◆ TASK INSTRUCTIONS ◆
Return only the lines of the data below from the line with "OFF : The output" up to and including the line with "Le spectre des", exactly as written, with the pictures omitted.

[Dataset items]
★ ★ ★ ★ ★ ★ ★
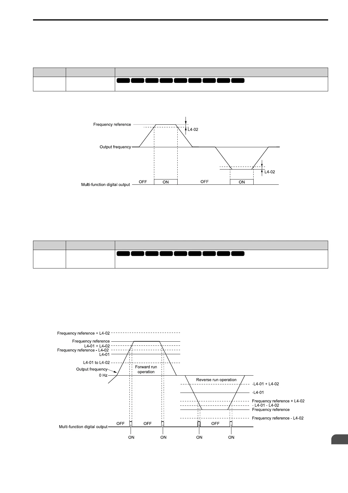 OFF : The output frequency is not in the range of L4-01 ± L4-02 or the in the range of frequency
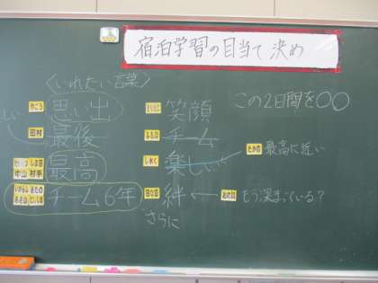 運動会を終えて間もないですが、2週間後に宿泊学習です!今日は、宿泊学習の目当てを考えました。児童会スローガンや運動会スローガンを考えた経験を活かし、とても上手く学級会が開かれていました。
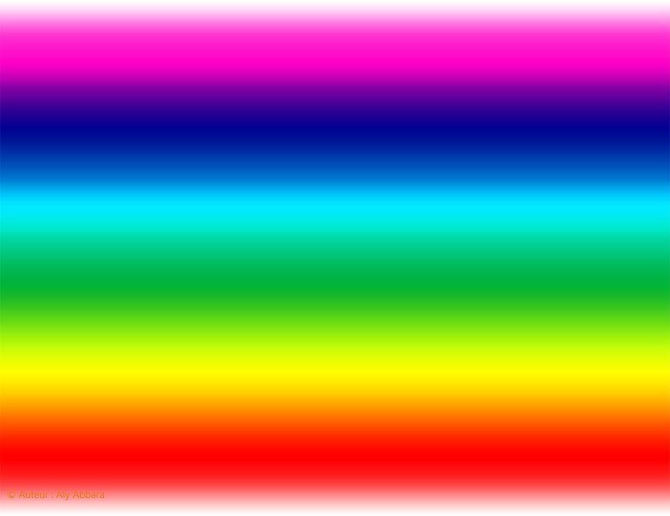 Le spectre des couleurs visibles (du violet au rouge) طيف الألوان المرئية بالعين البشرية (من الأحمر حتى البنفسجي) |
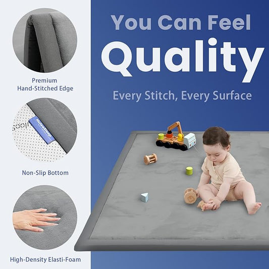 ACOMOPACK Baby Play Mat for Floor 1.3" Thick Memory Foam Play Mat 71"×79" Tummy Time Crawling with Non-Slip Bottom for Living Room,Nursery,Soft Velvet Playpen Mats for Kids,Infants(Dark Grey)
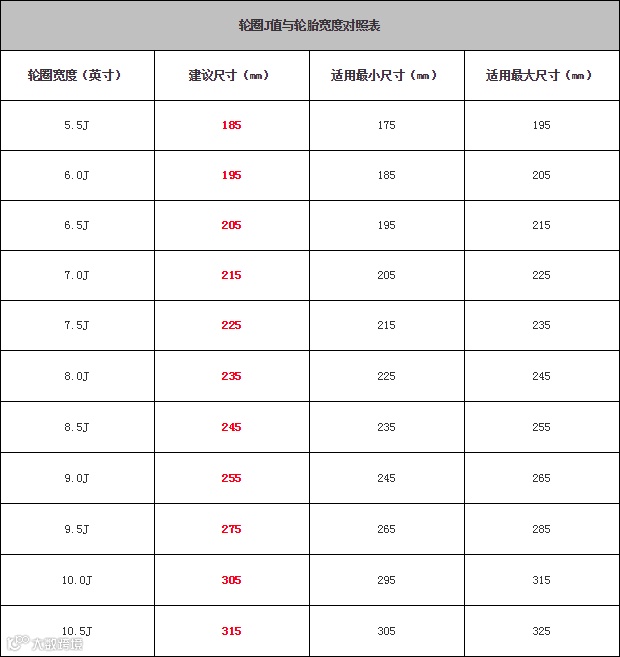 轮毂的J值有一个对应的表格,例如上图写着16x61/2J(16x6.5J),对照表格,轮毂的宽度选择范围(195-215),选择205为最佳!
★ ★ ★ ★ ★ ★ ★
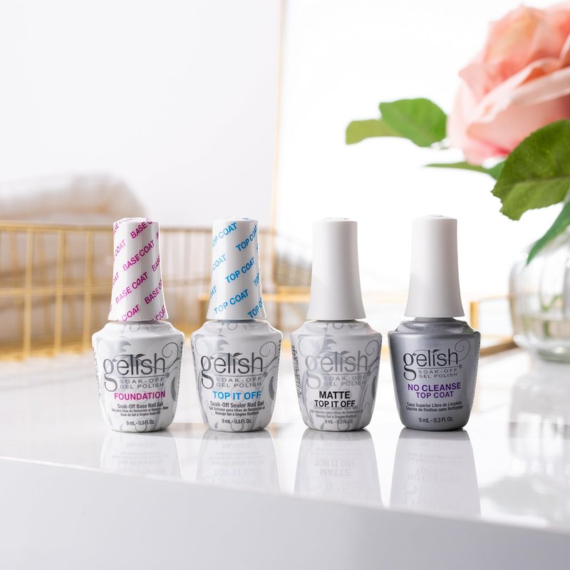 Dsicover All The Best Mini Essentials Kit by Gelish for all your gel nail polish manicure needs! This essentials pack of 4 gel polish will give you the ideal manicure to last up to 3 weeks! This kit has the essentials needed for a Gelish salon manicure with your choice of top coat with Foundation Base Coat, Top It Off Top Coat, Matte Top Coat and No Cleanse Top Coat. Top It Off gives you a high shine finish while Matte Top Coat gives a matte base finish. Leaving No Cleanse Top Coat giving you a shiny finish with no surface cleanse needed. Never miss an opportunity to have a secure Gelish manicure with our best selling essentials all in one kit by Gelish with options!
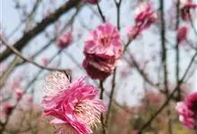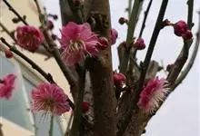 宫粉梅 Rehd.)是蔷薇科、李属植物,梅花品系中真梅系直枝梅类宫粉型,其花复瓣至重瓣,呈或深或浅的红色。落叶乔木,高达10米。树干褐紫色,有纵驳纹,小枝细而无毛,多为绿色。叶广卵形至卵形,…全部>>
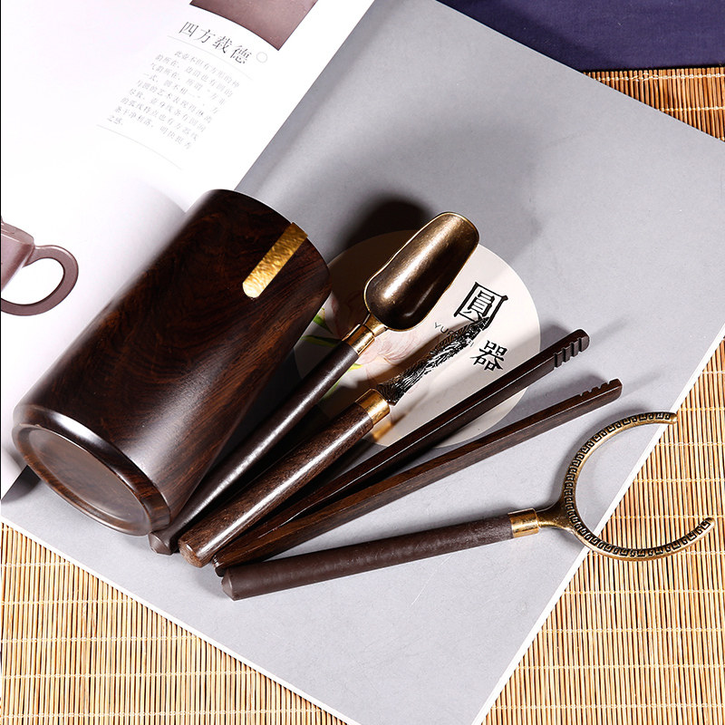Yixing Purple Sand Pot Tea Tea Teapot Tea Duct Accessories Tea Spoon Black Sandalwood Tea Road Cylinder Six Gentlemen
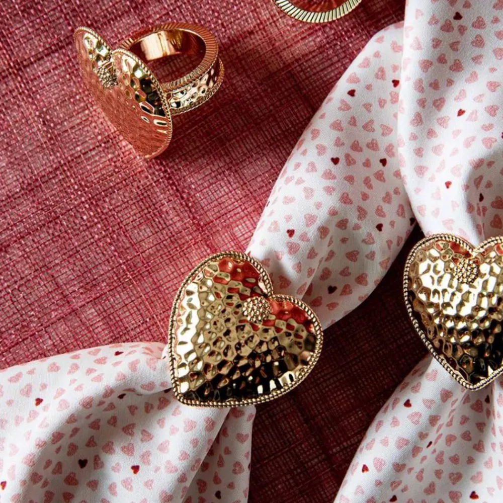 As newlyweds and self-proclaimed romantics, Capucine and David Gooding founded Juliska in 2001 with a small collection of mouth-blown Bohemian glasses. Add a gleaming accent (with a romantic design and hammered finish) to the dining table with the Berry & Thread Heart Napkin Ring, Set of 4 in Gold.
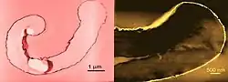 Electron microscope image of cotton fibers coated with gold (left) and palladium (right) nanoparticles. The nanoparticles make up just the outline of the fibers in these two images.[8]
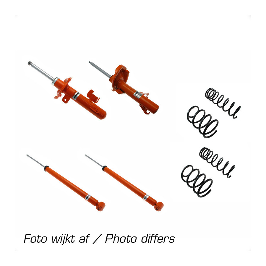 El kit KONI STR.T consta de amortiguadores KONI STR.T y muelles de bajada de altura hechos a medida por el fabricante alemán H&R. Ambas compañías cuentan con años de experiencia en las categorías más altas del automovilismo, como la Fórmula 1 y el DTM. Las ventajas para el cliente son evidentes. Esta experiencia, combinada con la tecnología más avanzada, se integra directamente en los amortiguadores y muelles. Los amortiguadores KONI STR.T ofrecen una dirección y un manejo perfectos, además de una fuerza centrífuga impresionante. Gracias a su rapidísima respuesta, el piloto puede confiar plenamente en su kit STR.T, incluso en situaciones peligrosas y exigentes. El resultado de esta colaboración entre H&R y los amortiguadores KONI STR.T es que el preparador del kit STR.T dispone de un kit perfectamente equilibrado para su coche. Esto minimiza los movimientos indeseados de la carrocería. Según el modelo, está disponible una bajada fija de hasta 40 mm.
★ ★ ★ ★ ★ ★ ★
◆ THE COMPLETED TASK ◆
 OFF : The output frequency is not in the range of L4-01 ± L4-02 or the in the range of frequency
 運動会を終えて間もないですが、2週間後に宿泊学習です!今日は、宿泊学習の目当てを考えました。児童会スローガンや運動会スローガンを考えた経験を活かし、とても上手く学級会が開かれていました。
 Le spectre des couleurs visibles (du violet au rouge) طيف الألوان المرئية بالعين البشرية (من الأحمر حتى البنفسجي) |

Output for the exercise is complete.